The second logos of Herodotus' Histories deals with Cyrus' rise to power. Herodotus starts his story with a brief account of the origin of the Median Empire. The Medes (in the northwest of modern Iran) were the first to shake off the yoke of the Assyrians, who used to rule all Asia. Herodotus mentions several Median kings and states that king Cyaxares 'captured Nineveh and subdued the Assyrians, all except the territory belonging to Babylonia'.

Cyaxares' son Astyages is the next king of the Medes, and his daughter Mandane is married to a Persian named Cambyses, a 'man he knew to be of good family and quiet habits'. The Persians were subject to the Medes. A child is born: Cyrus. After some nightmares that predict the baby's future as lord of all Asia, Astyages decides to kill the child. Herodotus tells the fairy tale-like story of Cyrus' miraculous escape from danger;  the boy grows up to become the bravest and most popular young man in Persia. 

Then, he receives a letter from a Median courtier named Harpagus, who has a grudge against Astyages and wants to remove him. When Cyrus revolts, Astyages foolishly makes Harpagus the commander of an army against the rebels. Of course, the Median army defects to the Persians, and Astyages is imprisoned. From now on, Cyrus is the king of both Persia and the large Median empire. As we have seen in the first logos, he added Lydia a few years later.

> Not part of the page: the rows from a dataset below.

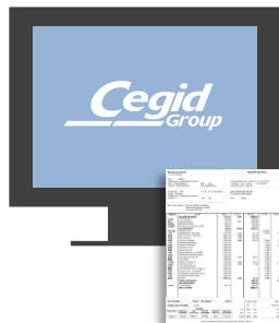
BULLETIN DE PAIE (Code du travail)
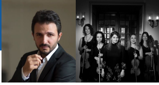
Umut Kosman, bariton

Konserlerimizde ses ve görüntü kaydı yapılmaktadır. Seslendirilen eserlerin bazıları birkaç bölümden oluşmaktadır. Eserin tümü bittikten sonra alkışlamanız bizlere kolaylık sağlayacaktır. Aynı nedenle konser esnasında cep telefonlarınızı tamamen kapatmanızı ve flaşla fotoğraf çekmemenizi rica ederiz.
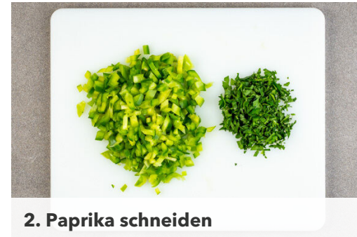
2. Paprika schneiden

Den Backofen auf 220°C (200°C Umluft) vorheizen. Den Teig bis zur Verwendung im Kühlschrank aufbewahren. Die Zwiebel schälen, halbieren und in möglichst kleine Würfel schneiden. Den Knoblauch schälen und ebenfalls fein würfeln.

This logos ends with a description of several interesting Persian customs. We learn a little bit about their religion, about alcoholic beverages, about the way they greet people, about their dislike of lies, et cetera.
 

Astyages
Cyrus the Great
Herodotus
Two Medians. Eastern stairs of the apadana at Persepolis. Photo Marco Prins.
Two Medes (relief from Persepolis)

Comment

Probably, the Medes were not a state (as Herodotus thinks) but a group of nomads, not really interested in urban life. The true cause of the fall of the Assyrian Empire is unknown, but the fact that Babylonia had gained independence in 626 must have been a very important contributing factor. According to cuneiform texts, the Babylonian king Nabopolassar and the Median leader Umakištar (Herodotus' Cyaxares) made an alliance in 614 BCE; even though Assyria obtained help from Egypt, the Babylonians and Medes destroyed the Assyrian capital Nineveh only two years later. (Go here for the cuneiform text.) The Assyrian cities were occupied by the Babylonians, who advanced along the Mediterranean shores to punish Egypt. The Medes were content to take the Assyrian treasuries to their homeland.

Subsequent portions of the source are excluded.